■ **Exercise goal**
Without the pictures, output all of the data exactly.

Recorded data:
>>>>>

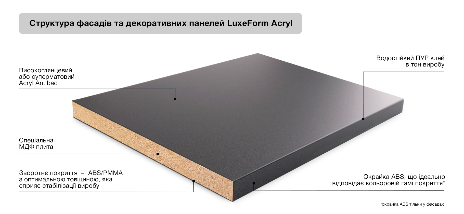 LuxeForm Acryl – колекція декоративних плит та фасадів, що вирізняються стильним дизайном та насиченим кольором. Заворожуюча і загадкоа, гармонійна і надійна поверхня акрилових фасадів заповнює простір, додає шарму всьому дизайну.
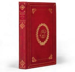 imitant le tabis, roulette intérieure dorée. Bel exemple de plaque « à la cathédrale » sur un portefeuille commercialisé sous le nom d’alphonse Giroux. Marchand papetier, tabletier et ébéniste, la maison Giroux ne possédait pas d’atelier de reliure, mais proposait à ses clients un large choix d’objets de luxe, cadeaux, jouets, albums à dessins ou portefeuilles… Somptueusement reliés et parfois mosaïqués par les meilleurs artisans, ils étaient vendus par alphonse Giroux sous son nom, celui-ci y faisant apposer sa signature ou son étiquette. Louis XVIII et charles X y acquirent à l’occasion des présents destinés aux enfants de France. Il contient un cahier de papier buvard, couvert du même papier moiré amarante portant l’étiquette a. Giroux & cie, rue du coq-Saint-Honoré, n°7, à Paris. Dimensions : 309 x 226 mm. Provenance : chiffre T. c., non identifié. Exposition : culot (P.), Relieurs et reliures décorées en France à l’époque romantique, Bibliotheca Wittockiana, 7 oct. 1995-20 janv. 1996, Bruxelles, n°2, avec reproduction (le plat inférieur du portefeuille a aussi fait l’objet de la couverture du catalogue). culot (P.), Relieurs et reliures décorées en France à l’époque romantique, Bibliotheca Wittockiana, 1995, pp. 511-512 et pl. VIII (notice sur alphonse Giroux).
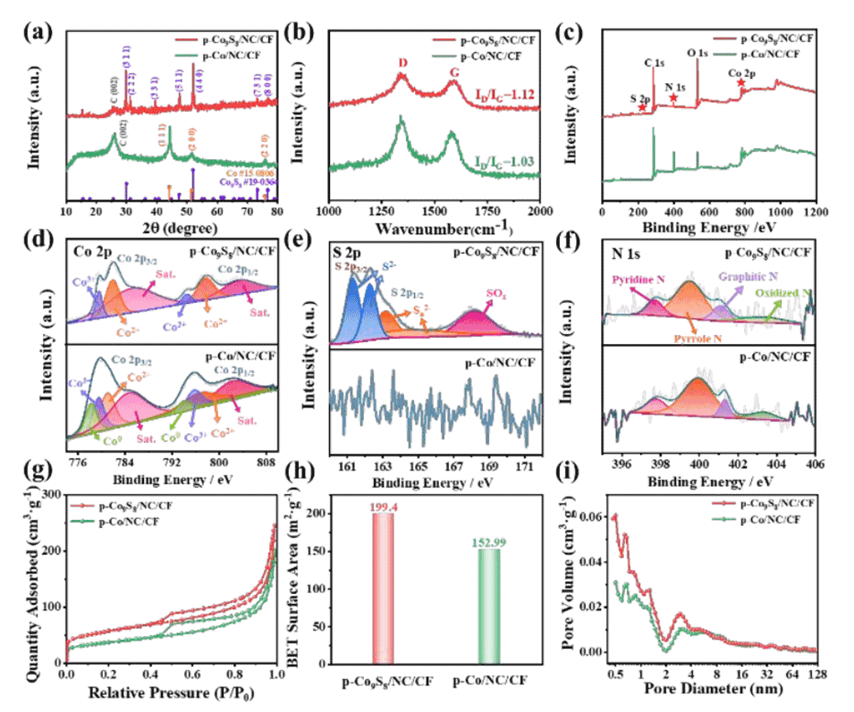 图3.(a)XRD图谱,(b)拉曼光谱,(c)XPS全扫描光谱,(d)Co 2p,(e)S 2p,(f)N 1s高分辨率XPS光谱,(g)N2吸附/解吸等温线,(h)BET表面积,(i)孔径分布。
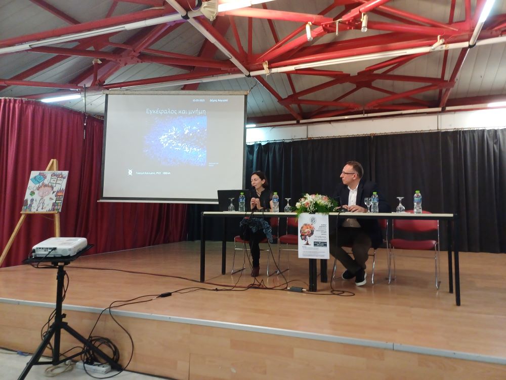 Ακολούθως, έλαβε τον λόγο ο Δρ. Πολίτης Παναγιώτης ερευνητής στο Κέντρο Βασικής Έρευνας στο Ίδρυμα Ιατροβιολογικών Ερευνών της Ακαδημίας Αθηνών παρουσίασε με σαφήνεια το ταξίδι στη δημιουργία του Εγκεφάλου: της πολυπλοκότερης δομής στο γνωστό Σύμπαν. Ανέφερε ότι μία απ’ τις μεγαλύτερες προκλήσεις της επιστήμης είναι η κατανόηση της βιολογικής βάσης της συνείδησης και των νοητικών διεργασιών με τις οποίες αντιλαμβανόμαστε, ενεργούμε, μιλάμε, μαθαίνουμε και θυμόμαστε. Τόνισε ότι η ανάπτυξη του ανθρώπινου εγκεφάλου ξεκινά από τα πρώιμα στάδια της ανάπτυξης ενός εμβρύου και υπογράμμισε ότι υπάρχουν περισσότερες από 1.000 παθήσεις του εγκεφάλου και του νευρικού συστήματος όπως: Κατάθλιψη, νόσος του Alzheimer, νόσος του Parkinson, σχιζοφρένεια κ.ά. Στο εργαστήριό του πραγματοποιούνται πειράματα σχετικά με τη μελέτη της συνεισφοράς ορισμένων γονιδίων στις ασθένειες του εγκεφάλου.
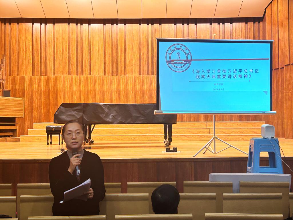 會上,吳茜書記首先向大家傳達了習近平總書記視察天津重要講話精神。她結合新學期教學、演出排練等工作任務,激勵同學們珍惜機會,在實踐中不斷豐富自己,為歌劇學院共同的奮斗目標而努力。她鼓勵同學們更好地認識世界、認識大學、認識自己,在風雨中雕琢成玉,在烈火中百煉成鋼,努力成為一名卓越的天音人!
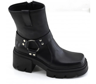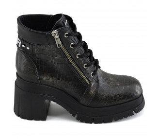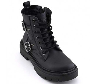 Borcego de cuero graneado metalizado. Caña media acordonada con cierre lateral y detalle de cintos con hebillas. Suela plataforma sintética.
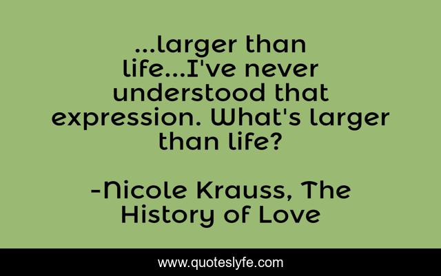 This page presents the quote "...larger than life...I've never understood that expression. What's larger than life?". Author of this quote is Nicole Krauss, The History of Love. .
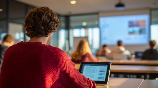 College Student attending lecture using tablet computer in modern classroom symbolizing digital learning technology education innovation and academic development concept
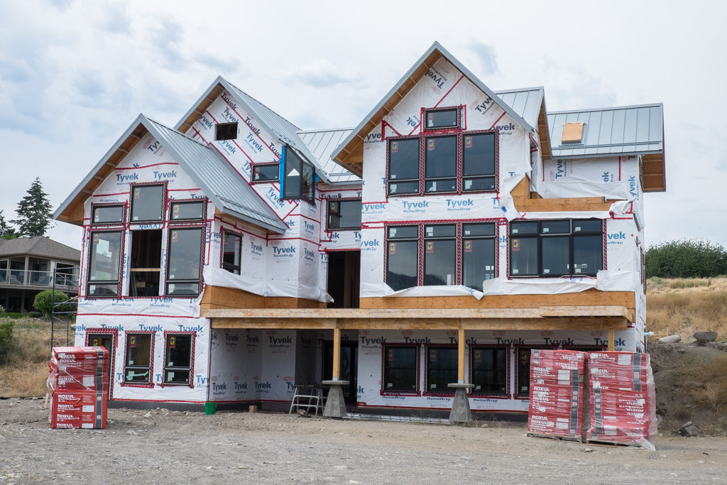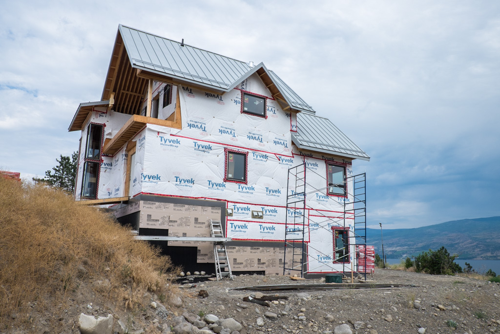 Back to discussions of shit shows. Flashing for the wood stove chimney is in. Getting that all sorted out has not been fun, but in the end I think everything has worked out for the best. I thought originally, that you just fire up a metal pipe outside the house for your chimney and that was that. Alas, no. The chimney has to be 2′ taller than the highest point within 10′ (if that makes any sense). We would’ve had to run it about 10′ up from the edge of the roof to go higher than the peak. Guy wires and/or braces would’ve been required. It would look terrible and the howling winds we get here in the winter would make a lot of noise. It’s also preferable (I found out) to run the chimney inside the house to create a better air draw. A warm chimney works better than a cold one. Who would’ve thought? It also stays cleaner when it runs up through the house.
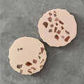 優しいカラーのベースに天然石を散りばめた、ひとつひとつ異なる表情を楽しめる一点ものです。
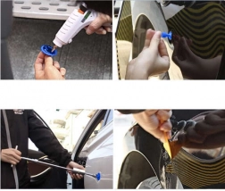 Cu acest set practic PDR, îndepărtați îndoiturile singuri, fără service costisitor. Ciocanul culisant cu mâner în T și „bureții”/tab-urile din nailon interschimbabile de diferite dimensiuni asigură extragerea eficientă a gropițelor fără a deteriora vopseaua originală. Ideal pentru caroserii după coliziuni minore, avarii în parcare sau după grindină.

<<<<<

■ **Output below**
 LuxeForm Acryl – колекція декоративних плит та фасадів, що вирізняються стильним дизайном та насиченим кольором. Заворожуюча і загадкоа, гармонійна і надійна поверхня акрилових фасадів заповнює простір, додає шарму всьому дизайну.
 imitant le tabis, roulette intérieure dorée. Bel exemple de plaque « à la cathédrale » sur un portefeuille commercialisé sous le nom d’alphonse Giroux. Marchand papetier, tabletier et ébéniste, la maison Giroux ne possédait pas d’atelier de reliure, mais proposait à ses clients un large choix d’objets de luxe, cadeaux, jouets, albums à dessins ou portefeuilles… Somptueusement reliés et parfois mosaïqués par les meilleurs artisans, ils étaient vendus par alphonse Giroux sous son nom, celui-ci y faisant apposer sa signature ou son étiquette. Louis XVIII et charles X y acquirent à l’occasion des présents destinés aux enfants de France. Il contient un cahier de papier buvard, couvert du même papier moiré amarante portant l’étiquette a. Giroux & cie, rue du coq-Saint-Honoré, n°7, à Paris. Dimensions : 309 x 226 mm. Provenance : chiffre T. c., non identifié. Exposition : culot (P.), Relieurs et reliures décorées en France à l’époque romantique, Bibliotheca Wittockiana, 7 oct. 1995-20 janv. 1996, Bruxelles, n°2, avec reproduction (le plat inférieur du portefeuille a aussi fait l’objet de la couverture du catalogue). culot (P.), Relieurs et reliures décorées en France à l’époque romantique, Bibliotheca Wittockiana, 1995, pp. 511-512 et pl. VIII (notice sur alphonse Giroux).
 图3.(a)XRD图谱,(b)拉曼光谱,(c)XPS全扫描光谱,(d)Co 2p,(e)S 2p,(f)N 1s高分辨率XPS光谱,(g)N2吸附/解吸等温线,(h)BET表面积,(i)孔径分布。
 Ακολούθως, έλαβε τον λόγο ο Δρ. Πολίτης Παναγιώτης ερευνητής στο Κέντρο Βασικής Έρευνας στο Ίδρυμα Ιατροβιολογικών Ερευνών της Ακαδημίας Αθηνών παρουσίασε με σαφήνεια το ταξίδι στη δημιουργία του Εγκεφάλου: της πολυπλοκότερης δομής στο γνωστό Σύμπαν. Ανέφερε ότι μία απ’ τις μεγαλύτερες προκλήσεις της επιστήμης είναι η κατανόηση της βιολογικής βάσης της συνείδησης και των νοητικών διεργασιών με τις οποίες αντιλαμβανόμαστε, ενεργούμε, μιλάμε, μαθαίνουμε και θυμόμαστε. Τόνισε ότι η ανάπτυξη του ανθρώπινου εγκεφάλου ξεκινά από τα πρώιμα στάδια της ανάπτυξης ενός εμβρύου και υπογράμμισε ότι υπάρχουν περισσότερες από 1.000 παθήσεις του εγκεφάλου και του νευρικού συστήματος όπως: Κατάθλιψη, νόσος του Alzheimer, νόσος του Parkinson, σχιζοφρένεια κ.ά. Στο εργαστήριό του πραγματοποιούνται πειράματα σχετικά με τη μελέτη της συνεισφοράς ορισμένων γονιδίων στις ασθένειες του εγκεφάλου.
 會上,吳茜書記首先向大家傳達了習近平總書記視察天津重要講話精神。她結合新學期教學、演出排練等工作任務,激勵同學們珍惜機會,在實踐中不斷豐富自己,為歌劇學院共同的奮斗目標而努力。她鼓勵同學們更好地認識世界、認識大學、認識自己,在風雨中雕琢成玉,在烈火中百煉成鋼,努力成為一名卓越的天音人!
 Borcego de cuero graneado metalizado. Caña media acordonada con cierre lateral y detalle de cintos con hebillas. Suela plataforma sintética.
 This page presents the quote "...larger than life...I've never understood that expression. What's larger than life?". Author of this quote is Nicole Krauss, The History of Love. .
 College Student attending lecture using tablet computer in modern classroom symbolizing digital learning technology education innovation and academic development concept
 Back to discussions of shit shows. Flashing for the wood stove chimney is in. Getting that all sorted out has not been fun, but in the end I think everything has worked out for the best. I thought originally, that you just fire up a metal pipe outside the house for your chimney and that was that. Alas, no. The chimney has to be 2′ taller than the highest point within 10′ (if that makes any sense). We would’ve had to run it about 10′ up from the edge of the roof to go higher than the peak. Guy wires and/or braces would’ve been required. It would look terrible and the howling winds we get here in the winter would make a lot of noise. It’s also preferable (I found out) to run the chimney inside the house to create a better air draw. A warm chimney works better than a cold one. Who would’ve thought? It also stays cleaner when it runs up through the house.
 優しいカラーのベースに天然石を散りばめた、ひとつひとつ異なる表情を楽しめる一点ものです。
 Cu acest set practic PDR, îndepărtați îndoiturile singuri, fără service costisitor. Ciocanul culisant cu mâner în T și „bureții”/tab-urile din nailon interschimbabile de diferite dimensiuni asigură extragerea eficientă a gropițelor fără a deteriora vopseaua originală. Ideal pentru caroserii după coliziuni minore, avarii în parcare sau după grindină.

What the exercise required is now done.